[Exercise directions]
Below are the entries. Print only the lines starting at the one with "To delete an" and ending at the one with "近日,神湾医院召开5·12护", exactly, with no pictures.
++++ Provided data
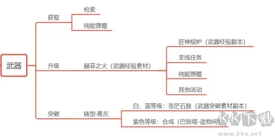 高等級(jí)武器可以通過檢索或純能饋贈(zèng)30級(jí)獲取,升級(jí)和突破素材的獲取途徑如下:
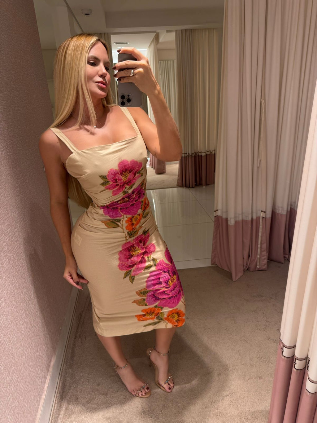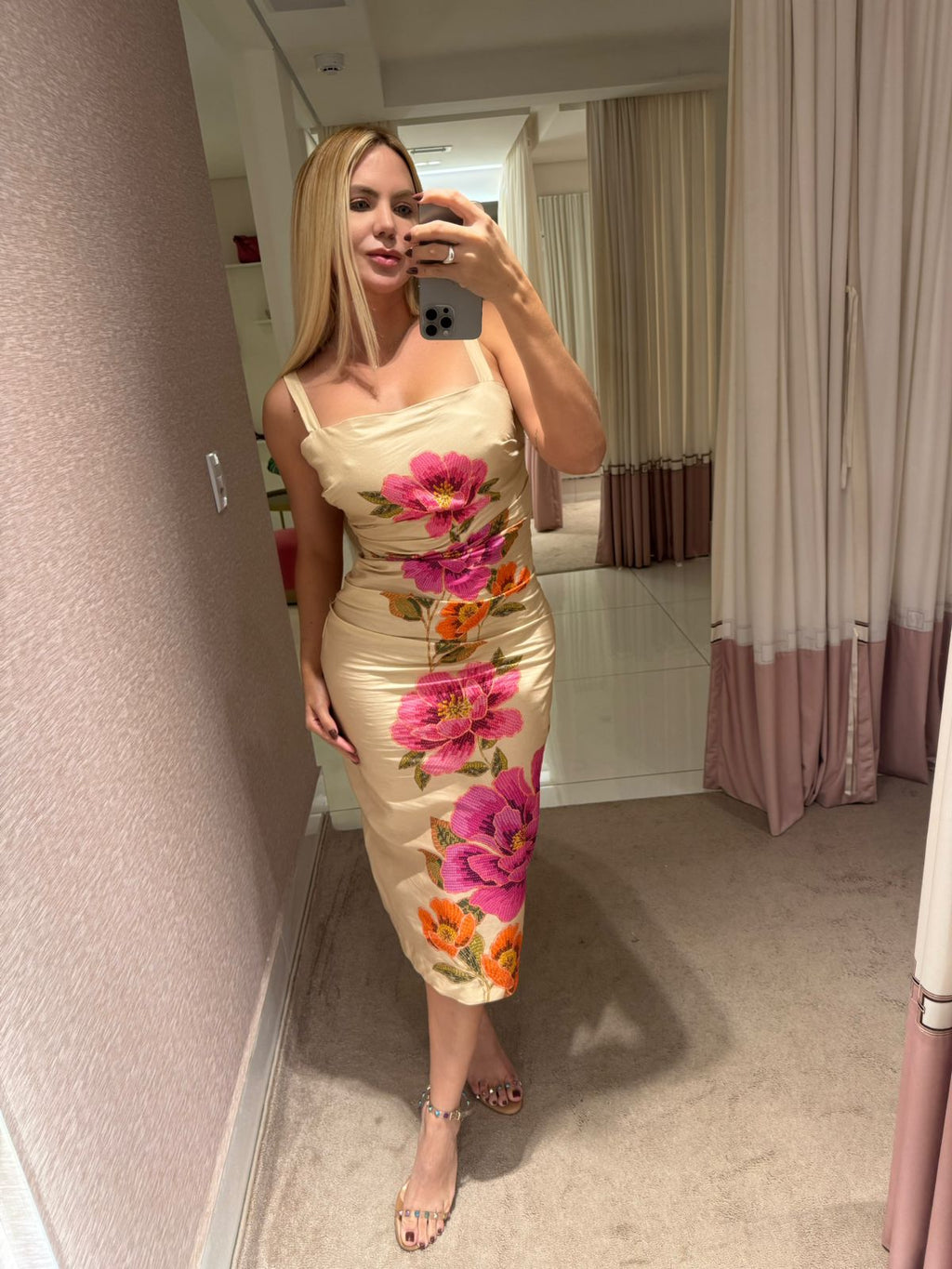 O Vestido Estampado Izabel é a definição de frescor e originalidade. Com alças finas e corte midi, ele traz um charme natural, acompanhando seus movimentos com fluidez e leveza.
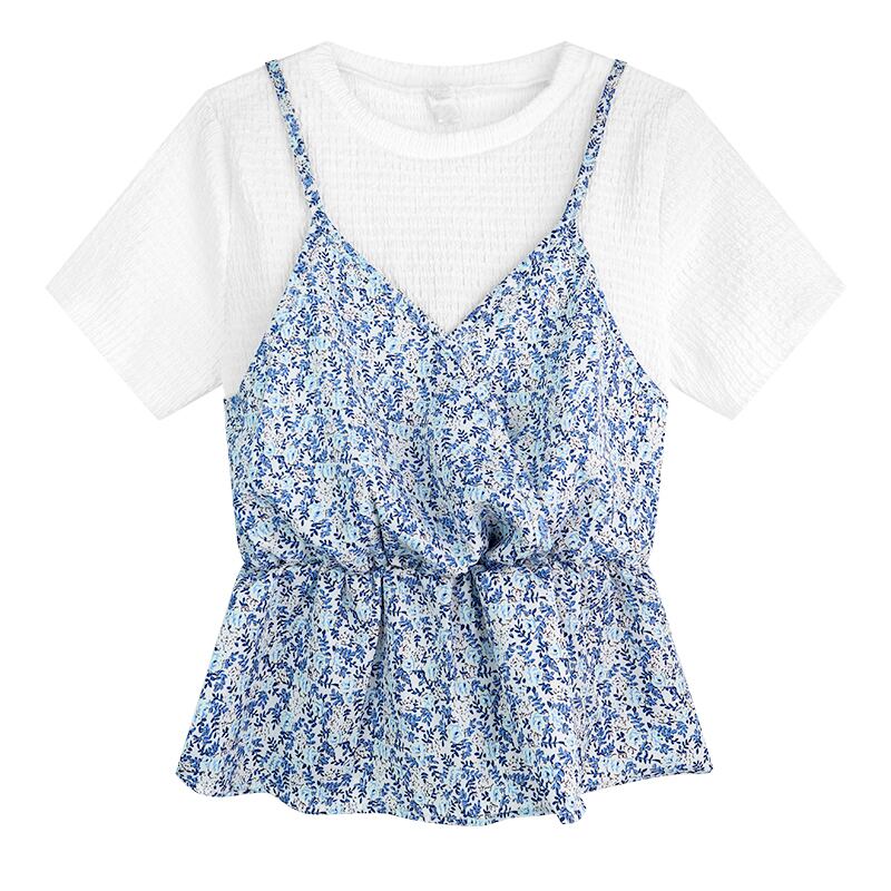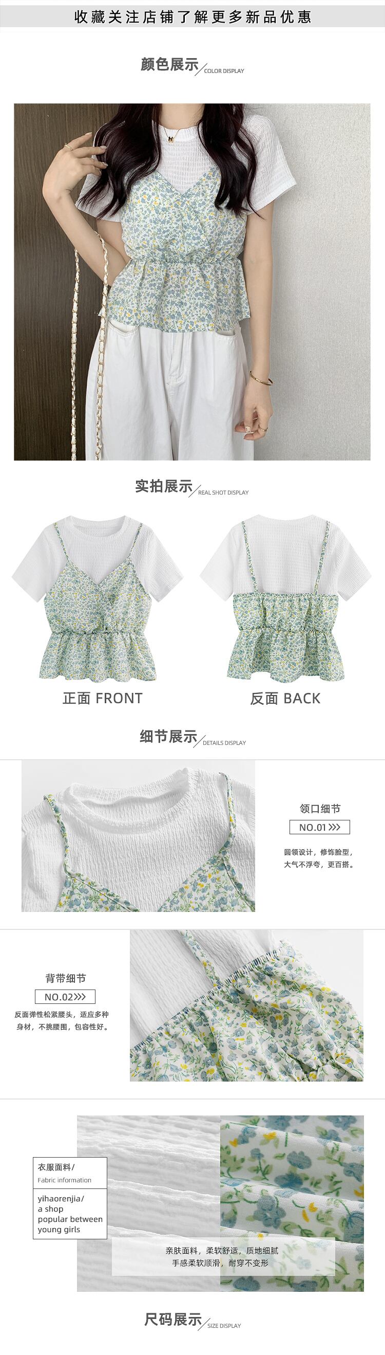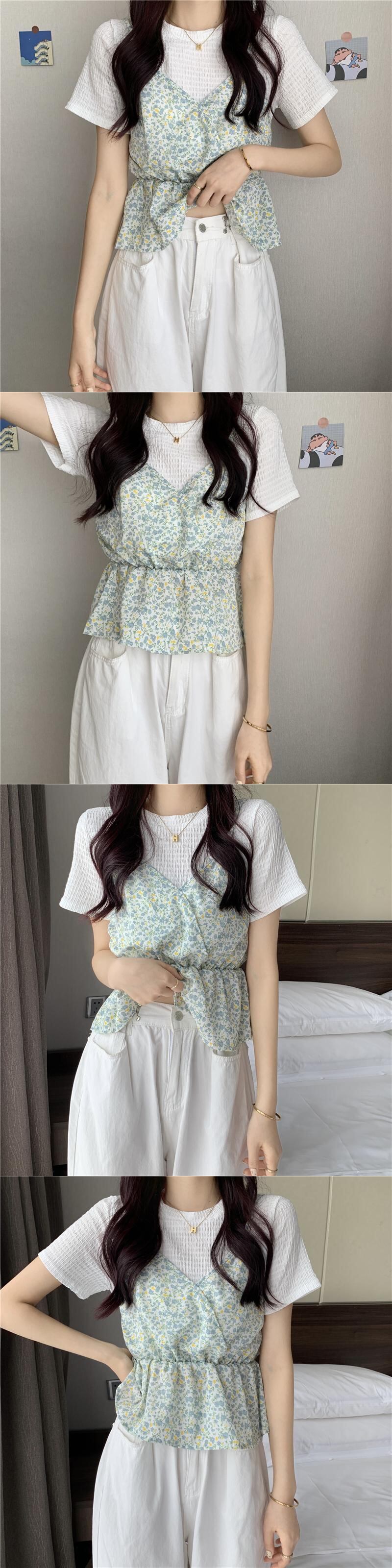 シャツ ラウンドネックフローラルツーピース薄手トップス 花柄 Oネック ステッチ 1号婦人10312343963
++++++++
++++ Provided data
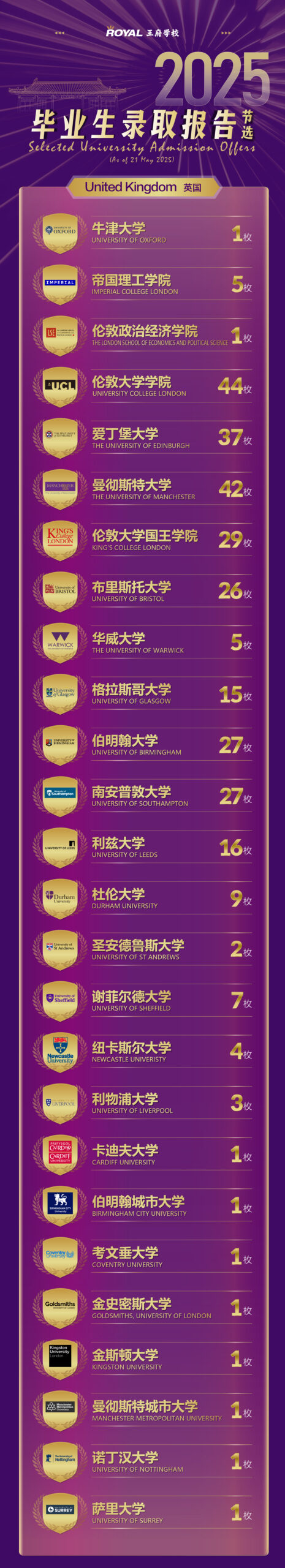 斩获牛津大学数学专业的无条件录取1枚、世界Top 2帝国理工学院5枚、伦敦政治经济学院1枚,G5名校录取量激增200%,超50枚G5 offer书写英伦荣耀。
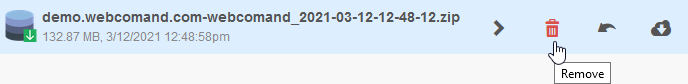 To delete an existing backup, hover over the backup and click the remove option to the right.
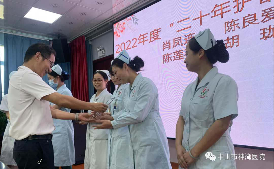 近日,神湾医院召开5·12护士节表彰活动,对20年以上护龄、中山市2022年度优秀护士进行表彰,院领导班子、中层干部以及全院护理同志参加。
++++++++
++++ Provided data
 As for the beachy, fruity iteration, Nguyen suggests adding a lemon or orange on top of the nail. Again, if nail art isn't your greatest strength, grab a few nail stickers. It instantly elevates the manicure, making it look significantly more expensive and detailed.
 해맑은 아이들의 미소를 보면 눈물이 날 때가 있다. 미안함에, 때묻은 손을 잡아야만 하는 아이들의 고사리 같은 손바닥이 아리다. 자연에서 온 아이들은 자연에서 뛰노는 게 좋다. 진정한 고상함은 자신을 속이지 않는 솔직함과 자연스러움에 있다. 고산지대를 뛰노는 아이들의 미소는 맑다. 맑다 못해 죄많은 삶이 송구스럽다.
++++++++
[Solution to the exercise]
 To delete an existing backup, hover over the backup and click the remove option to the right.
 近日,神湾医院召开5·12护士节表彰活动,对20年以上护龄、中山市2022年度优秀护士进行表彰,院领导班子、中层干部以及全院护理同志参加。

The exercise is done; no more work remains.